In choosing your market or small handful of markets to trade it is a good idea to look at the largest smoothest ones, for example, indices. In the beginning you really need to practice consistency in process, but also know that the method you are using is an overall profit generator, so that you can have the confidence in its constant application. You are essentially looking to make the process of calculating and adjusting orders/stops a subconscious activity, so that you can minimise the amount of thought involved. Thought triggers emotions, and it is emotions which more often than not will throw you off course.

You can try doing several things in parallel so that you can compare across the board.

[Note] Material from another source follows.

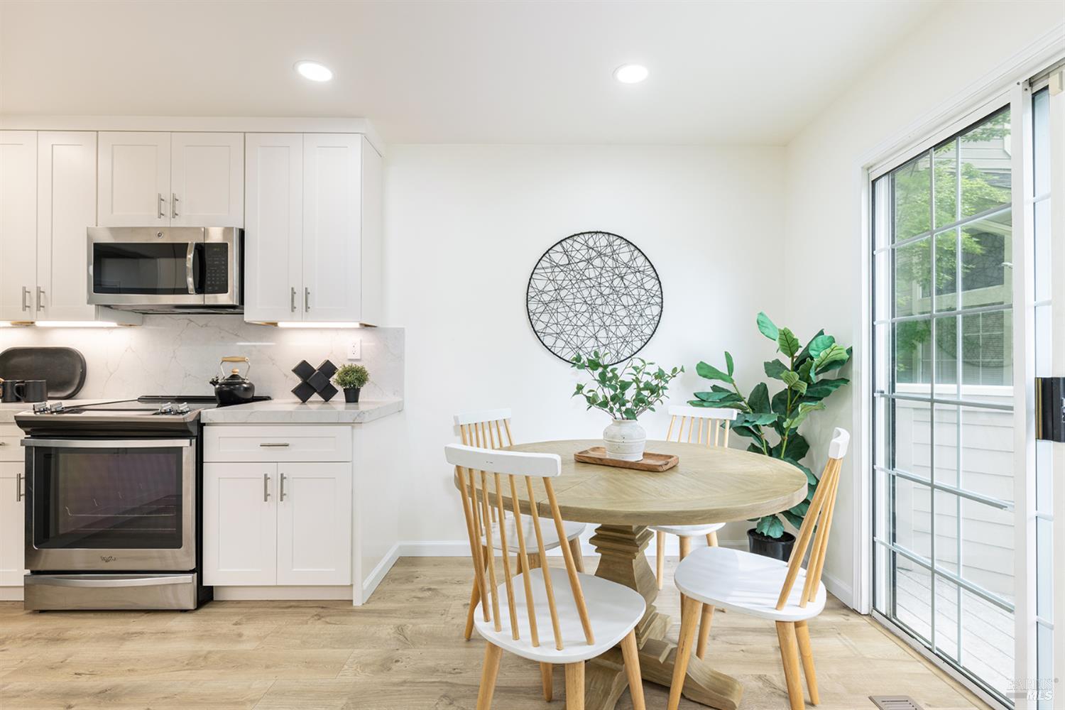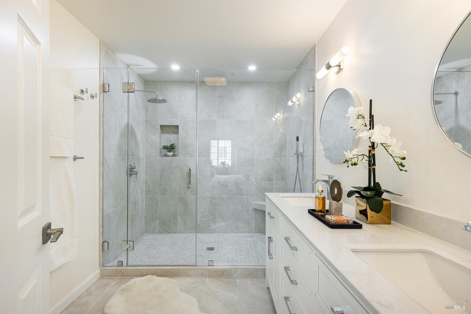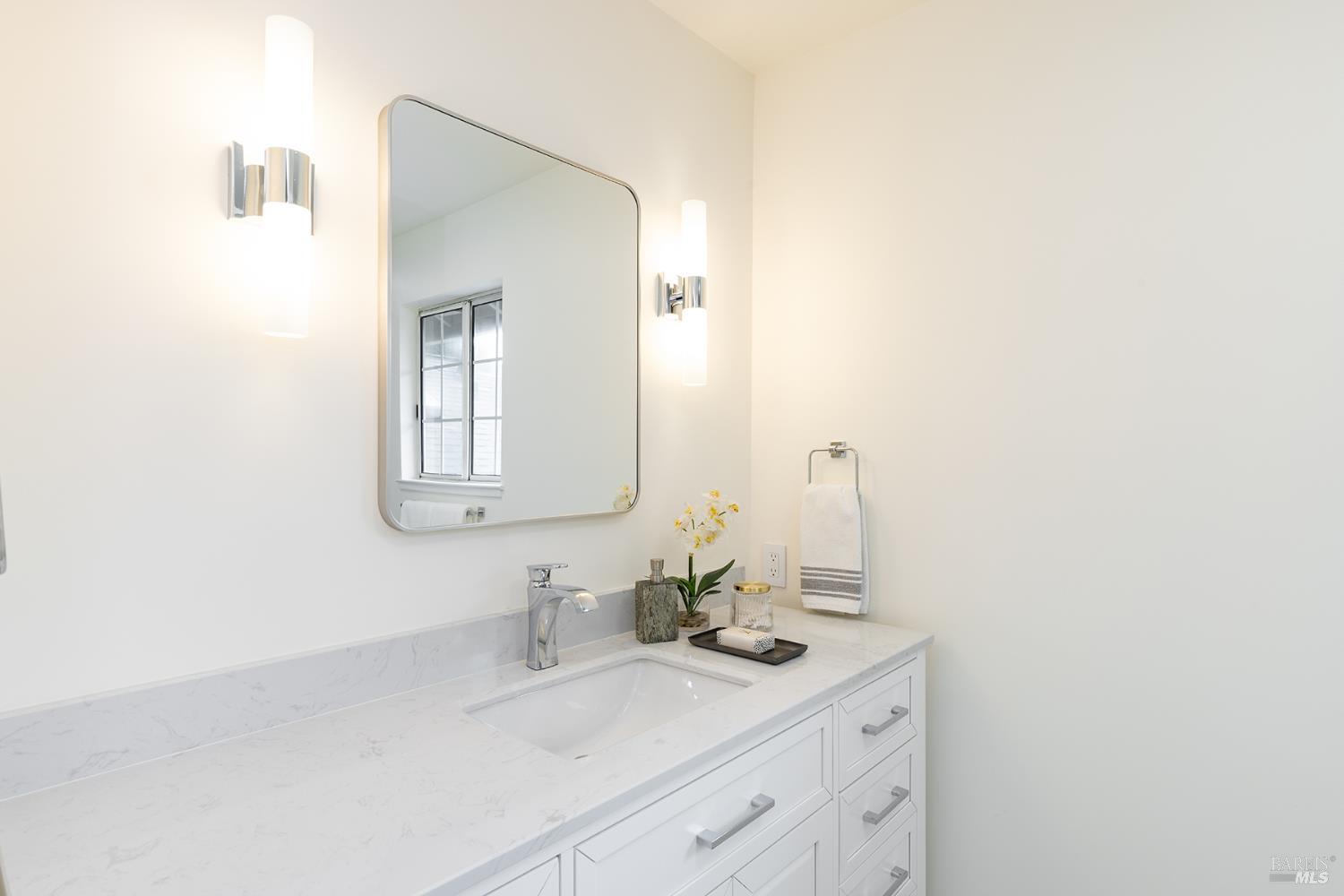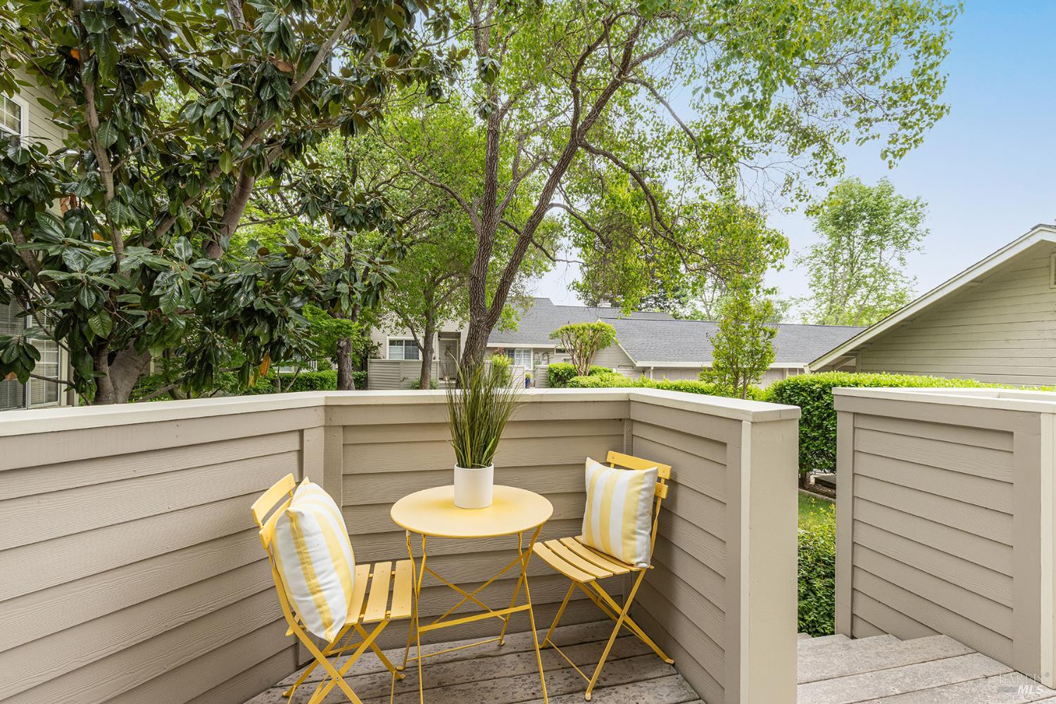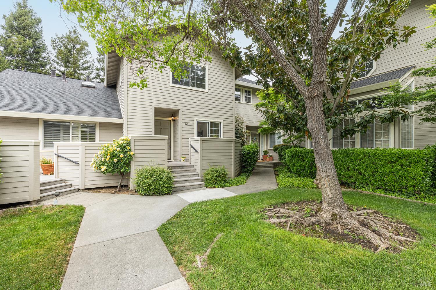 Experience refined resort living at Napa Valley Club, a luxurious 21-acre gated community off Big Ranch Road in North Napa. Enjoy amenities like a stunning pool, clubhouse, spa, walking trails, and lighted tennis and pickleball courts. This spacious 1,542 SF townhome features two large primary ensuite bedrooms and a half bath. The open-concept living space is bright and inviting, with serene views from each ensuite. Benefit from a private entertaining patio, a front porch off the kitchen, and an enclosed detached garage just steps away. The luxuriously updated primary bathroom boasts an extra-large shower adorned with Lumino glazed porcelain tile, an oversized rain head shower with a wand, and a custom glass door. The beautiful double vanity features modern mirrors with chrome trim and Restoration Hardware-style sconces. The second bedroom also includes an ensuite bathroom with custom featuresa large vanity with a marble top, modern chrome fixtures, mirror, and lighting, complemented by an expanded shower with Lumino porcelain tile. The completely renovated kitchen is a chef's dream, showcasing new white shaker-style cabinets, gorgeous quartz countertops and backsplash, a Blanco stainless steel sink, Moen pull-down faucet, and stylish appliances. Special touches include hard-wired under-cabinet lighting, recessed LED ceiling lighting in all rooms, continuous luxury wide plank flooring, and a generously sized eat-in area for casual dining in this light-filled kitchen. This home seamlessly blends comfort and elegance, offering a prime opportunity for wine country living. Embrace the exclusive Napa Valley Club lifestyle, where luxury and serenity converge.

For example, whilst reading around and applying other methods and approaches, you can in the background run the INDE spreadsheet on daily prices but at a very low accumulation factor, so that you can pick out the relatively short term swings. Any number above 1 can be applied, even 1.1, you are not limited to integers. At this setting you may find that some outside days will catch you out, but in the overall scheme of things their impact is limited, and you may even look to modify the spreadsheet or accumulation factor to allow for these as you become more confident in your trading.

Keep asking any questions you may feel timely.
 

barjon

Legendary member
10,616 1,754
vadimd

You can chose to get to know a couple of instruments like the back of your hand and trade them with a range of set-ups, or you can get to know a couple of set-ups like the back of your hand and trade them across a range of instruments.

I think that each instrument has its own characteristics and getting to know and understand those is the better bet.
 

Templar42

Junior member
41 0
I'm not sure how true it is of other markets, but I found it instructive to look at the typical daily volatility of FTSE 100 equities when picking stocks to add to my short-term trading watchlist. Only a small minority experienced the degree of daily price variation that I was looking for on a regular basis. However, it was difficult to tell this from the various website 'stock screeners'. I found it useful to import Google finance data (via the 'import text file' functionality in Excel) into a spreadsheet of my own containing basic tests of that equity's typical behaviour over a given length of time - average daily price change, median volume (to screen out those that are too thinly traded), even the frequency with which the equity would rise or fall for two or more days in a row. Just a possible method! Google is rather convenient for free historical daily data on equities, and there's a standard URL for importing a .csv file.